Print

Search Engines and Website Sitemaps.

User Rating: / 61
PoorBest 

If you're having problems getting web pages indexed by Google, you may need a sitemap. A sitemap is a specially formatted file used by Google to spider your website and find web pages. The file is useful for people who have pages that can't be crawled by Google including AJAX, dynamic product pages, and archived files with no internal links. If you search Google and can't find your website pages indexed, a sitemap increases the chance of more search engine exposure.

Sitemap Format

A sitemap uses XML tags to list the URLs located on the website. Google guidelines indicate that sitemaps should have no more than 50,000 links and shouldn't be larger than 10MB in size. For sites with more than 50,000 links, the webmaster can separate the sitemap into a series of smaller files. Webmasters can also use gzip on files that are too large. Gzip software compresses files, so Googlebot downloads a smaller file and decompresses it after retrieval.

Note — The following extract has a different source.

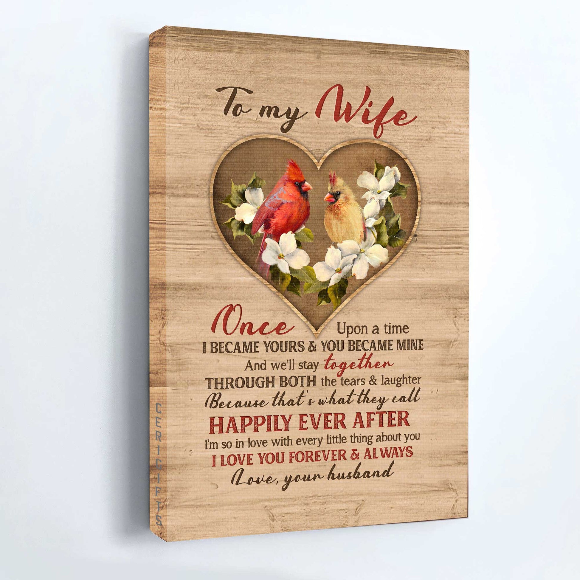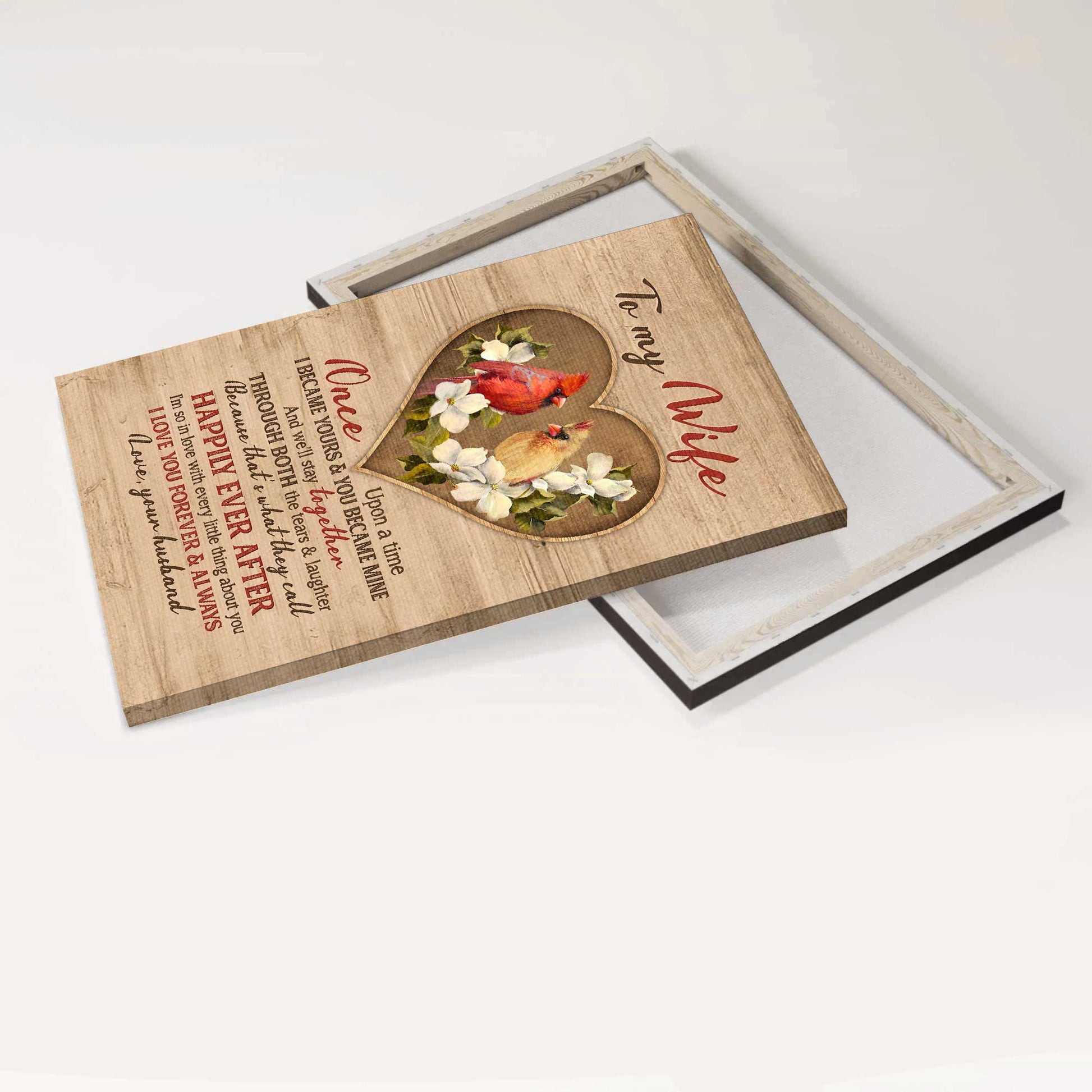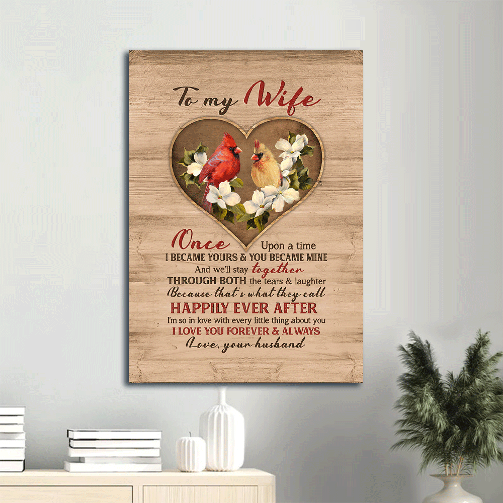 Gift For Wife Portrait Canvas - To My Wife, Heart Shape, Cardinal Painting Canvas - Valentine's Day Gift For Couple, Spouse, Lover - I Love You Forever And Always - Family Canvas

A properly formatted sitemap requires a few XML tags, so Google can read the information and index URLs without errors. First, the sitemap must open with the "<urlset>" tag. This tag indicates the schema for the file. The next two requirements are the "<url>" and "<loc>" tags. Each set of URLs should be encapsulated with the "<url>" tag. Within this tag is the list of links on the website. Each link is identified using the "<loc>" tag. The links located in these tags can be dynamic product links with query string variables, or it can contain static HTML files.

An example of a simple sitemap is below:

<?xml version="1.0" encoding="UTF-8"?>

<urlset xmlns="http://www.sitemaps.org/schemas/sitemap/0.9">

<url>

<loc>http:// mysite.com</loc>

<lastmod>2009-12-20</lastmod>

<changefreq>monthly</changefreq>

<priority>0.8</priority>

</url>

</urlset>

Sitemap Options

Three other XML tags are optional tweaks to help control the frequency Google crawls and indexes pages. These tags are optional, and leaving them out of the sitemap will not cause errors with Googlebot.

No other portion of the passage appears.